Frozen food king: Sir Malcolm Walker has amassed a £215m fortune
To the sneering chattering classes with their gluten-free quinoa and Yotam Ottolenghi cookbooks, he is an anachronistic dinosaur; a bluff, Yorkshire-born miner’s son, whose frozen food chain, purveyor of donor kebab pizzas and ‘bubble bobble’ prawns, is everything that’s wrong with our nation’s eating habits.
So when Iceland founder Malcolm Walker was awarded a knighthood for services to retail this month, it was a case of revenge being served (ice) cold. Arise, Sir Malcolm. Up yours, snoots!
Not that Walker, 71, pays much attention to the views of southern metropolitan softies.
Laid back, with a cheeky chappy demeanour, he is not a man who takes himself too seriously.
True, he gets a little irked from time to time when critics question the nutritional value of his goods – he insists most frozen food is healthier for us – but with an estimated £215million fortune, one suspects he’s crying all the way to the bank.
That Walker should now be dusting off his top hat and tails for a Palace investiture would have been unthinkable 15 years ago.
Following Iceland’s 2001 merger with Booker, he was accused of improper share dealing which led to him being ousted by his own board.
It was a humiliating fall from grace for a man who started the supermarket back in 1970 with only £30 of starting capital.
After leaving school with just four O-levels, which he only secured on the fourth attempt, Walker landed a job as a trainee manager with Woolworths, the only High Street firm that gave him a look-in.
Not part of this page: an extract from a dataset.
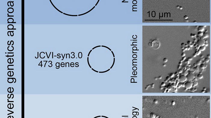 ![]() Фото: cell.com Биологи взяли микоплазму, удалив ее ДНК и поместили в ее клетку код, состоящий из 473 генов. Предварительно код написали на компьютере

He spent six days a week sweeping floors and loathed every second of it.
Bored with life at Woolies, which by now had posted him to a branch in Wrexham, he and a colleague, Peter Hinchcliffe, set up their own shop on the side in nearby Shropshire, flogging frozen vegetables loose in polythene bags at half the price of pre-packed goods.
Humble beginnings: After leaving school with just four O-levels, which he only secured on the fourth attempt, Walker landed a job as a trainee manager with Woolworths
Walker had wanted to call it Penguin. Fortunately childhood sweetheart Rhianydd (‘Ranny’ since he can’t pronounce her name) persuaded him to change it to Iceland.
Three months in to the venture, their moonlighting was discovered by their bosses at Woolworths and both were promptly fired.
No matter. They began to expand and by 1984, thanks to Walker’s entrepreneurial instincts, Iceland was ready to go public. Not bad for someone who still claims not to be able to read a balance sheet.
For over 30 years Walker had enjoyed almost uninterrupted profit, until 2001 when it all came crashing down. Having merged with Booker, Iceland issued a profit warning just after Walker had dumped £13.5million of shares.
He was holidaying in the Maldives when the warning was issued. By the time he returned home he was out on his ear.
He was cleared of any wrongdoing by the Serious Fraud Office three years later, but the experience stung. As the company floundered in his absence, he scraped together a consortium in 2005 to take Iceland private again.
After returning it to profit, a remarkable comeback was complete in 2012, when he and several investors completed a £1.6billion management buyout of the firm.
Despite his down-to-earth qualities, Walker isn’t afraid to enjoy his riches. He retains a chauffeur-driven Bentley (number plate: 1CE) and an 82ft Oyster yacht.
Home is Broxton Old Hall, a Grade II listed manor house in Cheshire. There are other pads in Majorca and Chelsea, though he admits he barely uses them.
Along with skiing and shooting, his main preoccupation outside work is family. Without Ranny, with whom he has a son and two daughters, he insists he would barely have achieved half of what he has done.
In recent years, he has expressed regret that due to her illness, she has not been able to share many of his triumphs.
While he has no intention of retiring, he hopes son Richard, 36, will one day take over.
Richard serves as managing director of The Food Warehouse, Iceland’s chain of larger stores, but at his old man’s insistence, began his career stacking shelves and working the tills.
In 2011 the two of them climbed Everest to raise funds for Alzheimer’s research. When it comes to scaling summits, Sir Malcolm will happily settle for that knighthood.